## [Task item]
Your answer must be only the lines below from the one containing "Cream t-shirt with" through the one containing "CAMISA MANGA LARGA TROPICAL NEGRA", copied exactly, with the pictures left out.

Records excerpted from a collection
------------

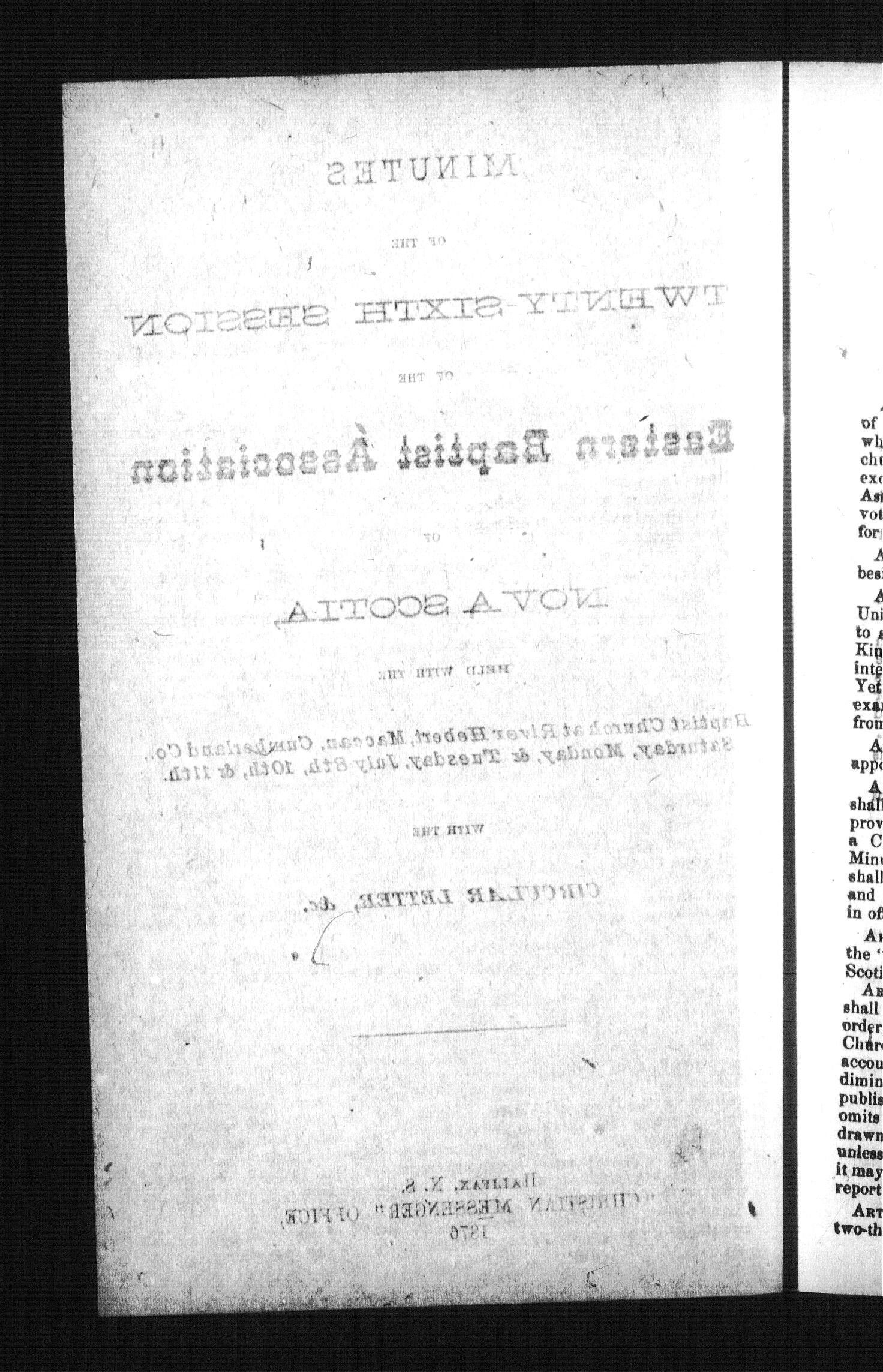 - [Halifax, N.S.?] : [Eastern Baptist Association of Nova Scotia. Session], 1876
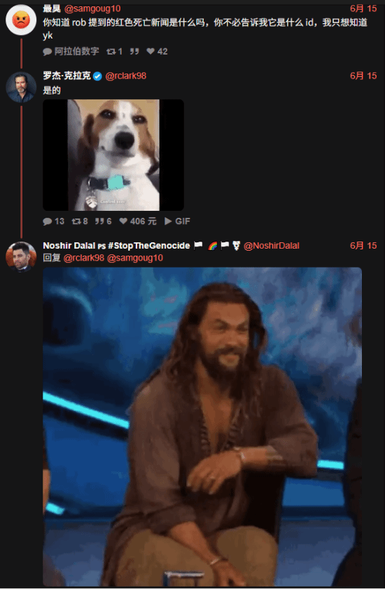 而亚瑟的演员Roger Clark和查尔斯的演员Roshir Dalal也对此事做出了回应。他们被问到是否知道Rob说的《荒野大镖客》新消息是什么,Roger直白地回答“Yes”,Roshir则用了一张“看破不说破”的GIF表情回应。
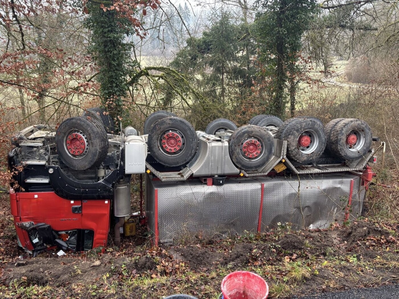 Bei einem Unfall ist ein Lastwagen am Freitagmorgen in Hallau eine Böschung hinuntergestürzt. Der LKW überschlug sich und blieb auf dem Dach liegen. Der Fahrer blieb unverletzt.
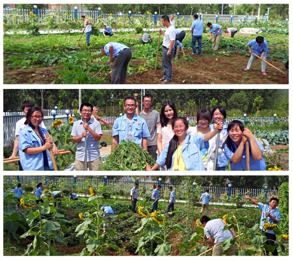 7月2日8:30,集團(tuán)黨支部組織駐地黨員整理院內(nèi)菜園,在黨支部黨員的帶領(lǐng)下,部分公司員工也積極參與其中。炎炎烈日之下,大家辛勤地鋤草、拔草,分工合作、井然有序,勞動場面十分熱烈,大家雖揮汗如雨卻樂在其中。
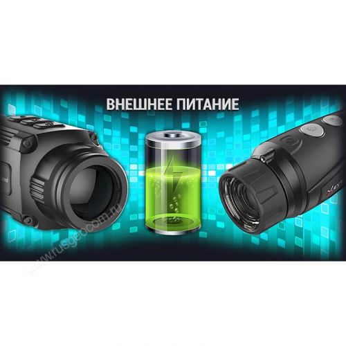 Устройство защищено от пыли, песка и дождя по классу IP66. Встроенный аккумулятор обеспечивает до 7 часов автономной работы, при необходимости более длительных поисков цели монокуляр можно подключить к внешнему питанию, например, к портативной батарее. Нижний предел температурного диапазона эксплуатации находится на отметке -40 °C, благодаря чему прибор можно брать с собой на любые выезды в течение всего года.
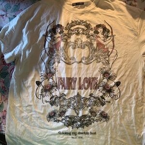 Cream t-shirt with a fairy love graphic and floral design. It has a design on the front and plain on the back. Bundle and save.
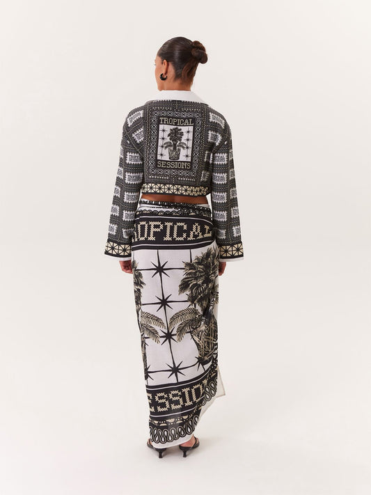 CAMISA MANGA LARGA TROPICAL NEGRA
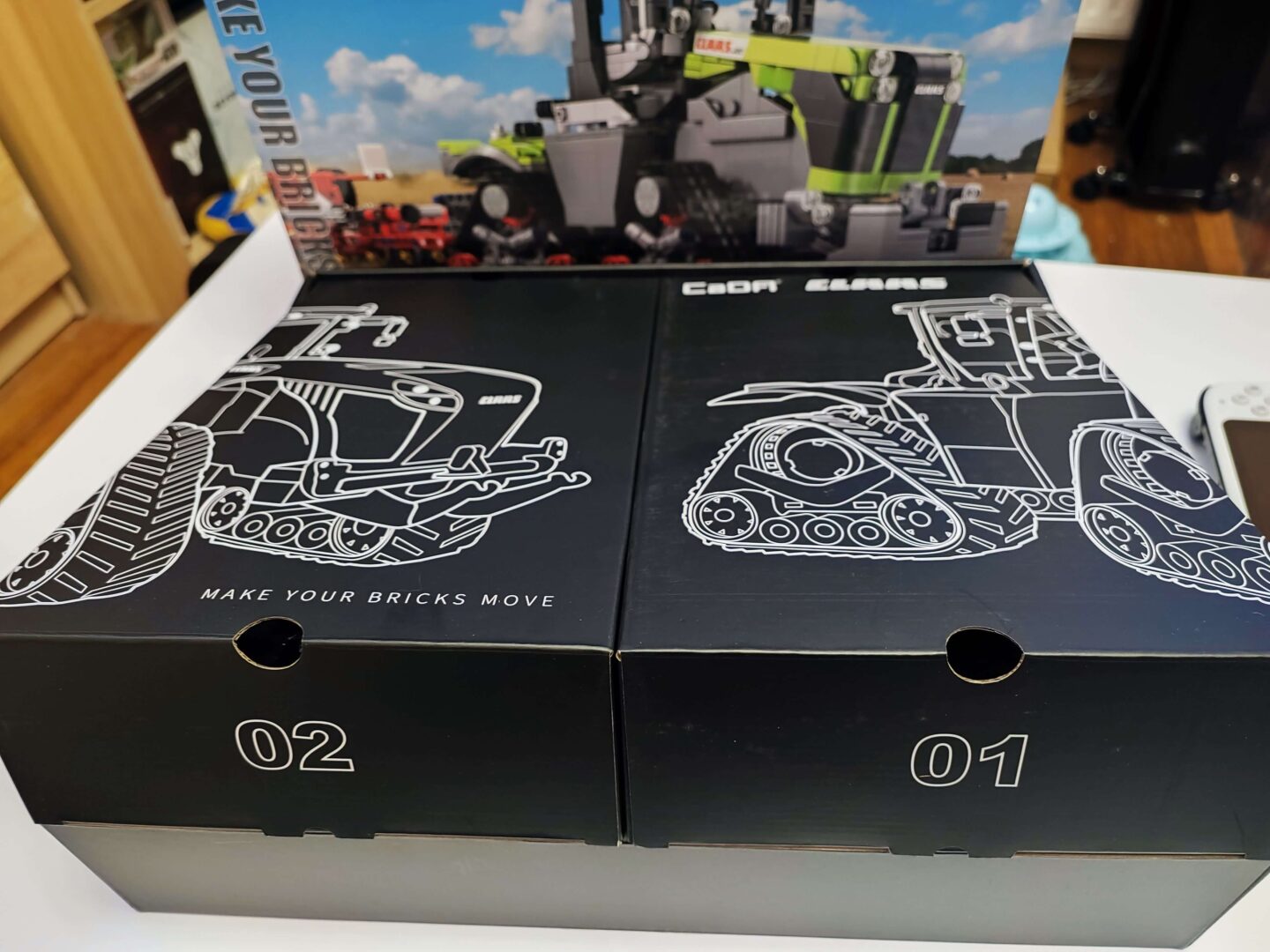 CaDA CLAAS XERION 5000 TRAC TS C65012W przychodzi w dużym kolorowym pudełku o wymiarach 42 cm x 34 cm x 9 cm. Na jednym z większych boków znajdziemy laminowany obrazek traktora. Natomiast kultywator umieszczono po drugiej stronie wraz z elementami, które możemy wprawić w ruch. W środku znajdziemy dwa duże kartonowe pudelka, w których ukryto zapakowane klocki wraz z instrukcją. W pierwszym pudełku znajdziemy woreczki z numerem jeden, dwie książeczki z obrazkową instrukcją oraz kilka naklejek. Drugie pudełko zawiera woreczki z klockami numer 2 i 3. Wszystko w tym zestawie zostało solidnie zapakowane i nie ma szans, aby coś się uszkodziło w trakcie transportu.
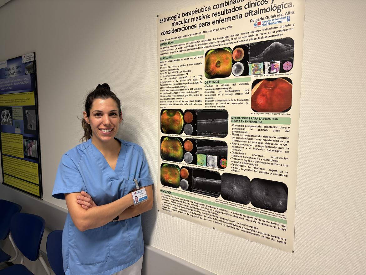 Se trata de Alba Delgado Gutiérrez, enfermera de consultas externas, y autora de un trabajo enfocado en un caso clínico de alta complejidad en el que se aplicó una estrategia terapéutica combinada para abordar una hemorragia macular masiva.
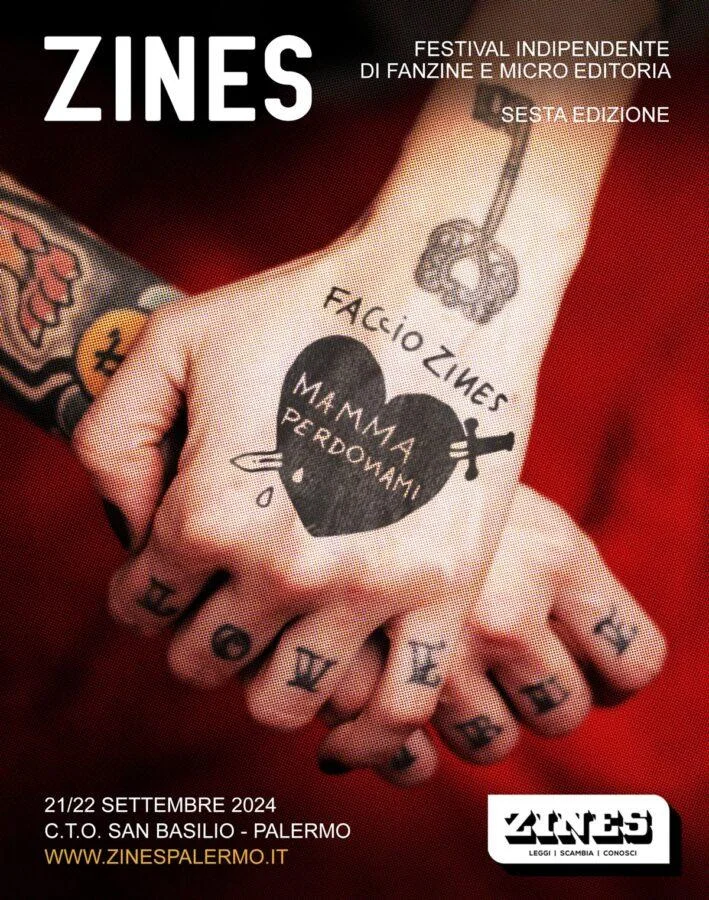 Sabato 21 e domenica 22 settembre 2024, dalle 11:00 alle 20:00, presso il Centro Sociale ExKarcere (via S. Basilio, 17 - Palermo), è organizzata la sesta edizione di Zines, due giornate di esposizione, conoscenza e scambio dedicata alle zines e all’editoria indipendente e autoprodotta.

------------

## [Result for this exercise]
 Cream t-shirt with a fairy love graphic and floral design. It has a design on the front and plain on the back. Bundle and save.
 CAMISA MANGA LARGA TROPICAL NEGRA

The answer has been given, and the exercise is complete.